O fim do romance

Foi num livro de capa vermelha, numa encadernação de mau gosto, que eu descobri Dostoievski. Os irmãos Karamazov. Todo o peso daquela estória abriu-me, cedo, o gosto pelo romance. Ainda hoje conservo o livro mas, à partida, não conservo a mesma paixão em descobrir personagens, estórias, pensamentos cruzados, factos, narrativas. Deve ser do tempo fácil que vivemos. Um tempo de aspas, sem grandes reflexões nem convicções, um tempo de twitter, de coisas sem interesse, fúteis e curtas. Ainda me apaixonei por Mishima, por Yourcenar; recentemente pela tristeza literária de Philip Roth, pela modernidade sensível de Ian McEwan. Mas sempre que encaro um romance para ler, que continuo a comprar como se não estivesse contagiado pelo fastio universal do tempo, faço-o mais por vício do que por convicção. E gosto quase sempre.

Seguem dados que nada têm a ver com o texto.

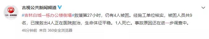 白城市第一時間組織力量科學(xué)施救,在住建、消防專家指導(dǎo)下,經(jīng)過晝夜連續(xù)奮戰(zhàn),截至10月15日下午15時45分左右,9名被困人員全部救出,其中:有4人傷情穩(wěn)定,無生命危險,有5人已死亡,現(xiàn)場搜救工作已完成。

Nestas férias em que conheci Shirin Ebadi volto a José Luís Peixoto, desta vez ao Cemitério de Pianos que estava a marinar há mais de um ano, e reparo que o não romance de Peixoto cativa pela poesia dos pormenores. Pelas mãos vincadas de vermelho por uma saca plástica, pelos fios de luz que saem dos estores mal fechados. Pela poesia disfarçada de romance, só para me arreliar.